((

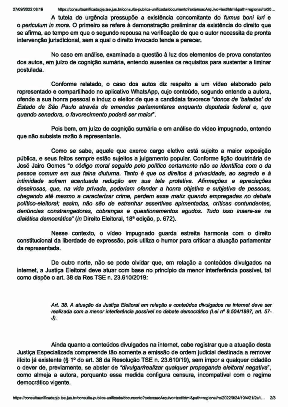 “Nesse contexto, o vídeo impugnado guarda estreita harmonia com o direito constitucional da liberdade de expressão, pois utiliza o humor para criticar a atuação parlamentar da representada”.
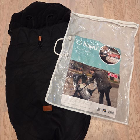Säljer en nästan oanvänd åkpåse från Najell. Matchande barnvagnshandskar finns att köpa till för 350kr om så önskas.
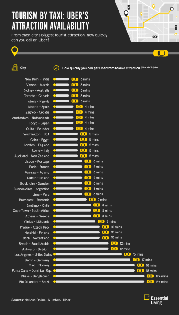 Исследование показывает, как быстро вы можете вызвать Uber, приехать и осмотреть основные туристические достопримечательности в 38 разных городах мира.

))
((

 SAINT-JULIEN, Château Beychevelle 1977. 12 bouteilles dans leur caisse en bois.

))

[Task instructions] Your answer must be the exact lines from the records above, from the one containing "contexto, o vídeo" through the one containing "Исследование показывает, как", both included, with every picture left out.

[Solution for this problem]
 “Nesse contexto, o vídeo impugnado guarda estreita harmonia com o direito constitucional da liberdade de expressão, pois utiliza o humor para criticar a atuação parlamentar da representada”.
Säljer en nästan oanvänd åkpåse från Najell. Matchande barnvagnshandskar finns att köpa till för 350kr om så önskas.
 Исследование показывает, как быстро вы можете вызвать Uber, приехать и осмотреть основные туристические достопримечательности в 38 разных городах мира.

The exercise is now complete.